→ THE TASK: Retype the data below verbatim; pictures do not belong in the copy.

→ SUPPLIED DATA:
#####

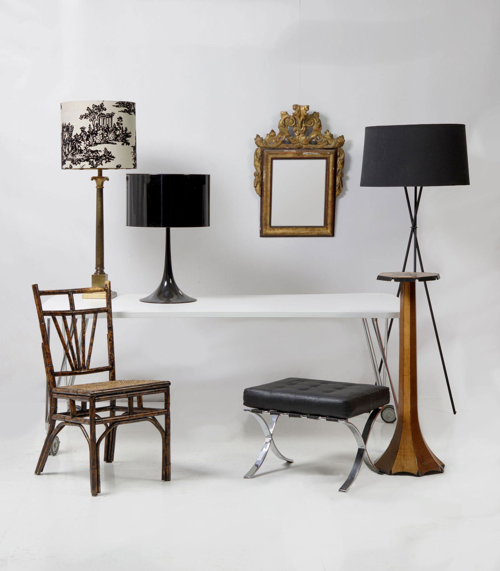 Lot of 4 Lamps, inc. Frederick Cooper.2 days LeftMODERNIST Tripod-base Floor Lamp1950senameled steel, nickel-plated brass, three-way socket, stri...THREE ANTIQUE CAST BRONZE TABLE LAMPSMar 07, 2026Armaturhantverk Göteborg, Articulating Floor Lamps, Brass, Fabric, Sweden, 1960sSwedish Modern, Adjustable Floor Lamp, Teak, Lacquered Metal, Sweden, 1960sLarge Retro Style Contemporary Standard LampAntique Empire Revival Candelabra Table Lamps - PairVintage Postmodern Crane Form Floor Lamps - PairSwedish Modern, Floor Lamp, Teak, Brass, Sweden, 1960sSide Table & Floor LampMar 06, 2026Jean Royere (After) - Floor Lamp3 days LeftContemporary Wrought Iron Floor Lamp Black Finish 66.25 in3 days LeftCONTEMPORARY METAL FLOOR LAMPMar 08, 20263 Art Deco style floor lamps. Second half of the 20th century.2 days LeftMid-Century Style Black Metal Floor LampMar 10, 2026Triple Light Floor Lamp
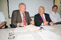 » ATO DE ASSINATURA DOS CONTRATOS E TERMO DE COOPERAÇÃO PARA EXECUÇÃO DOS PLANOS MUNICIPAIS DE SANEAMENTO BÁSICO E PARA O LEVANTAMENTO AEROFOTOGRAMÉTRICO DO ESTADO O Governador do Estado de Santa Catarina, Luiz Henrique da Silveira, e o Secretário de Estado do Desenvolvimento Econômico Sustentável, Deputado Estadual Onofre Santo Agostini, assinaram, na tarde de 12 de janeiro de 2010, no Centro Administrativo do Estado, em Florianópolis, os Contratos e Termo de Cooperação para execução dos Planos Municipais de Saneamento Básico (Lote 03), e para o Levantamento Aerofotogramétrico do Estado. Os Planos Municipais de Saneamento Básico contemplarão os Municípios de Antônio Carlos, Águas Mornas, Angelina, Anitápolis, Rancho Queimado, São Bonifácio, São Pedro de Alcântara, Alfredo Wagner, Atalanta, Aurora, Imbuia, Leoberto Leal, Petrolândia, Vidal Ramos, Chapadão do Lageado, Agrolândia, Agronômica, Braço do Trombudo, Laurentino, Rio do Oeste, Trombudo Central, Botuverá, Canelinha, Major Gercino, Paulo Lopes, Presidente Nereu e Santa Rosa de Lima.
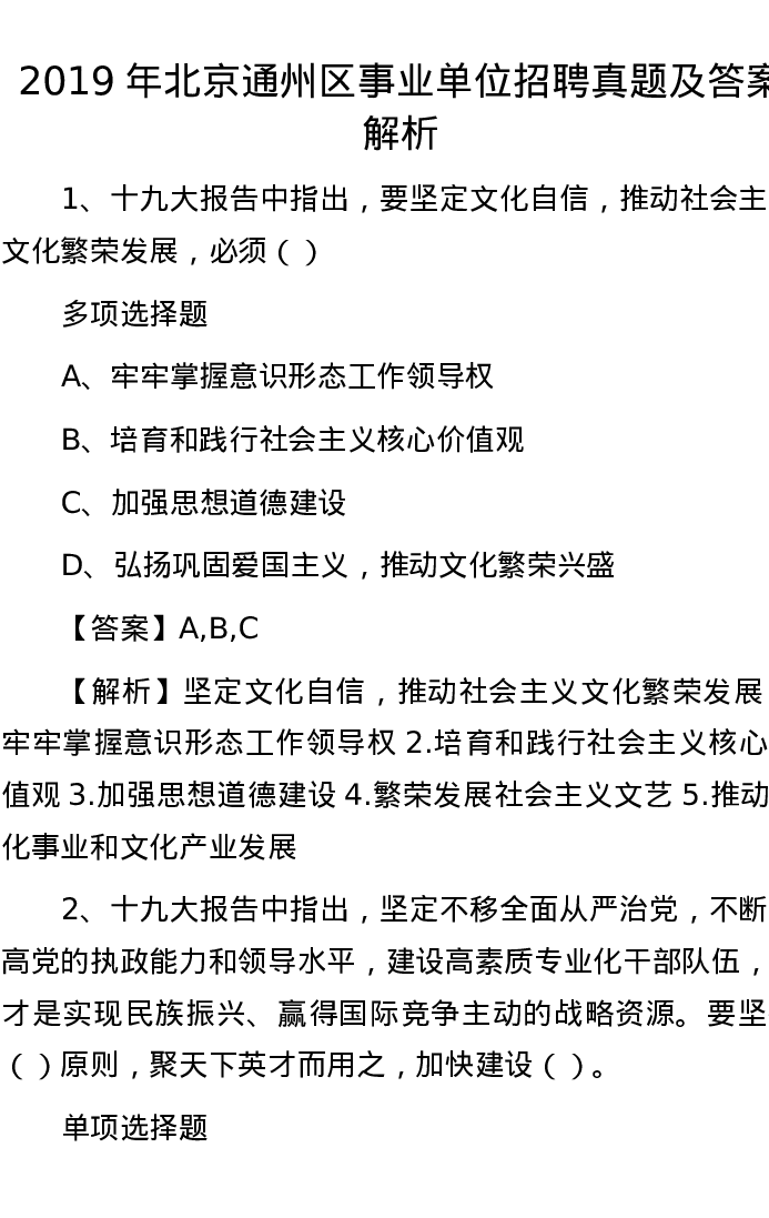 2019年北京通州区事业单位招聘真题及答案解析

#####

→ ANSWER BOX:
 Lot of 4 Lamps, inc. Frederick Cooper.2 days LeftMODERNIST Tripod-base Floor Lamp1950senameled steel, nickel-plated brass, three-way socket, stri...THREE ANTIQUE CAST BRONZE TABLE LAMPSMar 07, 2026Armaturhantverk Göteborg, Articulating Floor Lamps, Brass, Fabric, Sweden, 1960sSwedish Modern, Adjustable Floor Lamp, Teak, Lacquered Metal, Sweden, 1960sLarge Retro Style Contemporary Standard LampAntique Empire Revival Candelabra Table Lamps - PairVintage Postmodern Crane Form Floor Lamps - PairSwedish Modern, Floor Lamp, Teak, Brass, Sweden, 1960sSide Table & Floor LampMar 06, 2026Jean Royere (After) - Floor Lamp3 days LeftContemporary Wrought Iron Floor Lamp Black Finish 66.25 in3 days LeftCONTEMPORARY METAL FLOOR LAMPMar 08, 20263 Art Deco style floor lamps. Second half of the 20th century.2 days LeftMid-Century Style Black Metal Floor LampMar 10, 2026Triple Light Floor Lamp
 » ATO DE ASSINATURA DOS CONTRATOS E TERMO DE COOPERAÇÃO PARA EXECUÇÃO DOS PLANOS MUNICIPAIS DE SANEAMENTO BÁSICO E PARA O LEVANTAMENTO AEROFOTOGRAMÉTRICO DO ESTADO O Governador do Estado de Santa Catarina, Luiz Henrique da Silveira, e o Secretário de Estado do Desenvolvimento Econômico Sustentável, Deputado Estadual Onofre Santo Agostini, assinaram, na tarde de 12 de janeiro de 2010, no Centro Administrativo do Estado, em Florianópolis, os Contratos e Termo de Cooperação para execução dos Planos Municipais de Saneamento Básico (Lote 03), e para o Levantamento Aerofotogramétrico do Estado. Os Planos Municipais de Saneamento Básico contemplarão os Municípios de Antônio Carlos, Águas Mornas, Angelina, Anitápolis, Rancho Queimado, São Bonifácio, São Pedro de Alcântara, Alfredo Wagner, Atalanta, Aurora, Imbuia, Leoberto Leal, Petrolândia, Vidal Ramos, Chapadão do Lageado, Agrolândia, Agronômica, Braço do Trombudo, Laurentino, Rio do Oeste, Trombudo Central, Botuverá, Canelinha, Major Gercino, Paulo Lopes, Presidente Nereu e Santa Rosa de Lima.
 2019年北京通州区事业单位招聘真题及答案解析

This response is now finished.